2.1.3. Kelemahan Teori Behavioristik


a) Hanya mengakui adanya stimulus dan respon yang dapat diamati
b) Kurang memberikan ruang gerak yang bebas bagi pebelajar untuk berkreasi,
bereksperimentasi dan mengembangkan kemampuannya sendiri
c) Pebelajar berfikir linier, konvergen, tidak kreatif dan tidak produktif
d) Pebelajar atau orang yang belajar harus dihadapkan pada aturan-aturan yang jelas
dan ditetapkan terlebih dulu secara ketat
e) Kontrol belajar harus dipegang oleh sistem yang berada di luar diri pebelajar
2.1.4. Kelebihan Teori Behavioristik

Sesuai untuk perolehan kemampuan yang membutuhkan praktik dan


pembiasaan yang mengandung unsur-unsur seperti kecepatan, spontanitas, kelenturan,
reflex.

2.1.5. Implikasi Teori Behaviorisme


Implikasi teori ini dalam pembelajaran tergantung tujuan pembelajaran, sifat
materi pelajaran, karakteristik pebelajar, media dan fasilitas pembelajaran yang
tersedia.Teori ini sangat sesuai untuk pengetahuan yang bersifat obyektif, pasti, tetap,
tidak berubah. Dalam hal ini pengetahuan telah terstruktur dengan rapi, sehingga belajar
adalah perolehan pengetahuan, sedangkan mengajar adalah memindahkan pengetahuan
(transfer of knowledge) ke orang yang belajar atau pebelajar.

Menurut teori behaviorisme apa saja yang diberikan guru (stimulus) dan apa
saja yang dihasilkan siswa (respons) semua harus bisa diamati, diukur, dan tidak boleh
hanya implisit (tersirat). Faktor lain yang juga penting adalah faktor penguat
(reinforcement). Penguat adalah apa saja yang dapat memperkuat timbulnya respons.
Bila penguatan ditambah (positive reinforcement) maka respons akan semakin kuat.
Begitu juga bila penguatan dikurangi (negative reinforcement) responspun akan tetap
dikuatkan.. Misalnya bila seorang anak bertambah giat belajar apabila uang sakunya

5
ditambah maka penambahan uang saku ini disebut sebagai positive reinforcement.
Sebaliknya jika uang saku anak itu dikurangi dan pengurangan ini membuat ia makin
giat belajar, maka pengurangan ini disebut negative reinforcement.

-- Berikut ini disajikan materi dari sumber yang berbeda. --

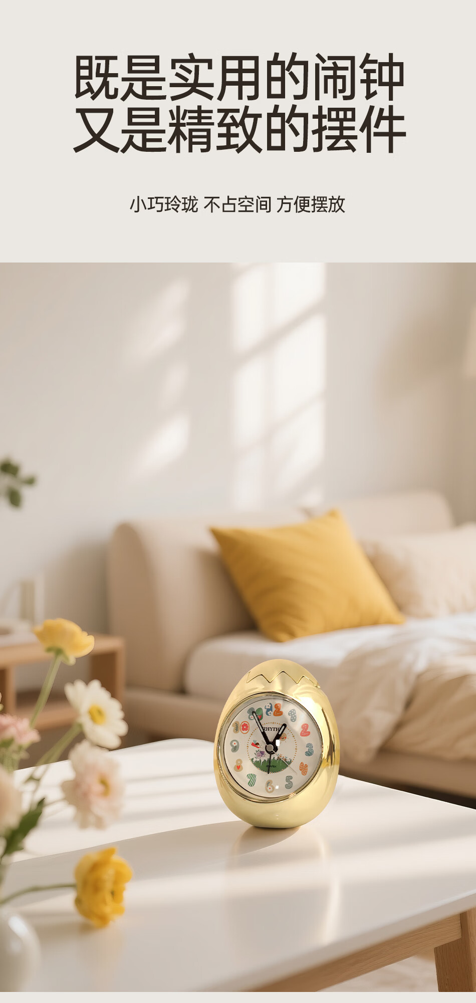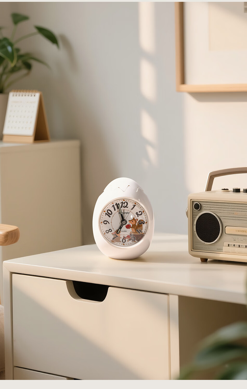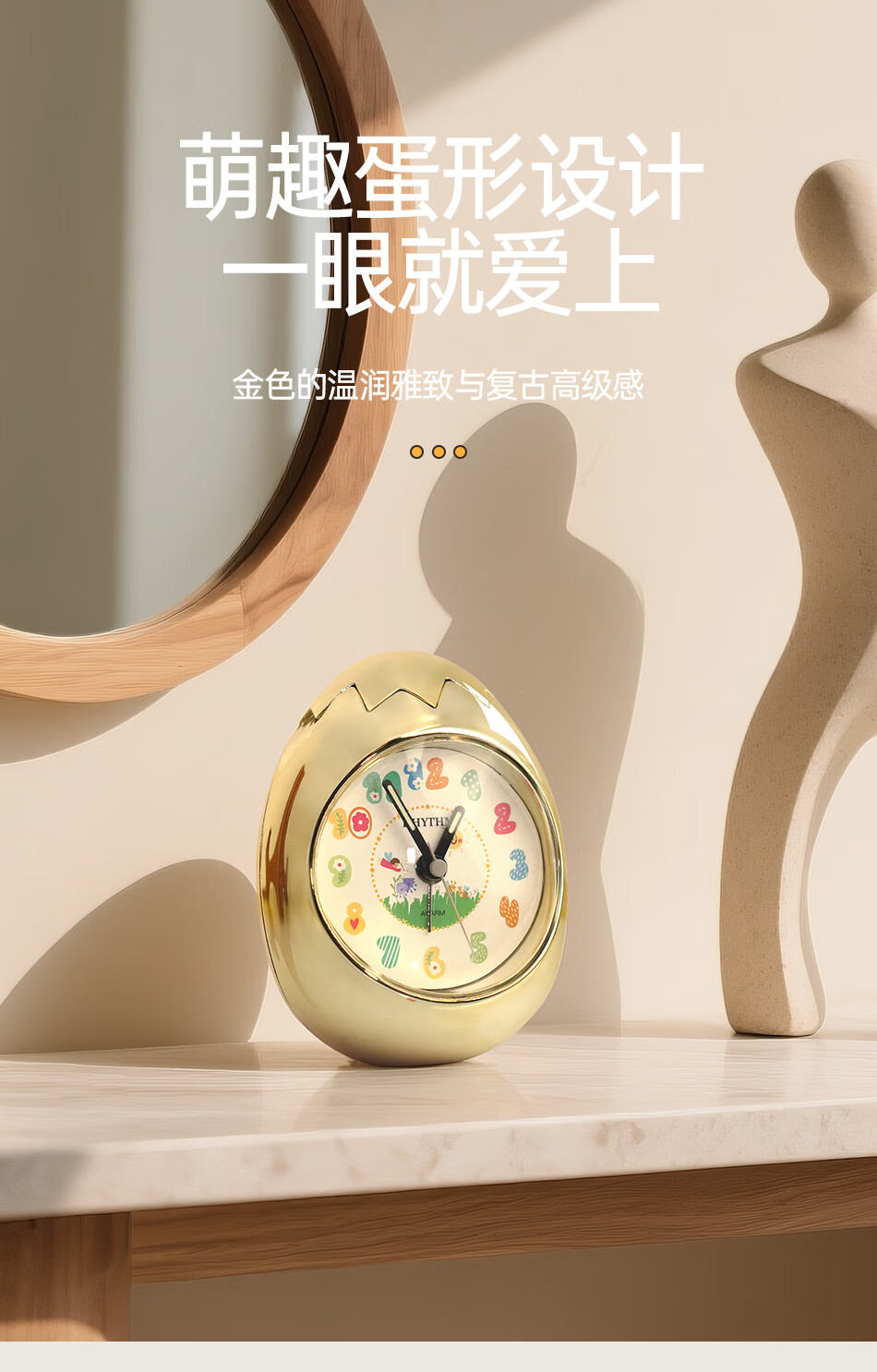 丽声(RHYTHM)日本创意不倒翁鸡蛋闹钟儿童学生卧室静音卡通超大音量起床床头钟可爱时钟贪睡叫醒 4RE886WP18金色
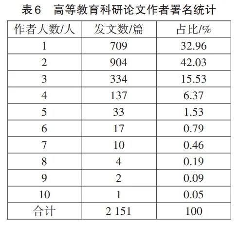 在統(tǒng)計(jì)作者署名情況的2151篇論文中,兩人聯(lián)合署名是占比最高的署名形式,其次為單獨(dú)署名。統(tǒng)計(jì)發(fā)現(xiàn),聯(lián)合署名的總占比達(dá)67.04%,這顯示出高等教育科研活動(dòng)中合作研究已經(jīng)成為主流方式,呈現(xiàn)出有組織科研的雛形。高等教育學(xué)科發(fā)展進(jìn)入成熟化階段,跨學(xué)科、跨主體的研究越來(lái)越深入,采用多樣化的研究方法、多學(xué)科的研究視角、多主體的信息采集方式使得不同背景的研究者組建起復(fù)合型研究團(tuán)隊(duì)開(kāi)展更深入、更廣闊的有組織研究。(見(jiàn)表6)以團(tuán)隊(duì)形態(tài)開(kāi)展的高等教育研究主題值得進(jìn)一步分析挖掘,以反映高等教育科研的深層次結(jié)構(gòu)。

Konsep evaluasi pendidikan sudah sangat jelas dalam teori ini yaitu melalui
pengukuran, pengamatan. Sebab seseorang dikatakan belajar bila telah mengalami
perubahan perilaku. Akan tetapi perlu diketahui bahwa tidak semua hasil belajar bisa
diamati dan diukur, paling tidak dalam tempo seketika. Semua aspek materi juga tidak
bisa diukur dengan teori ini. Evaluasi dilakukan untuk menilai hasil akhir dari
penggunaan teori ini yaitu perubahan perilaku.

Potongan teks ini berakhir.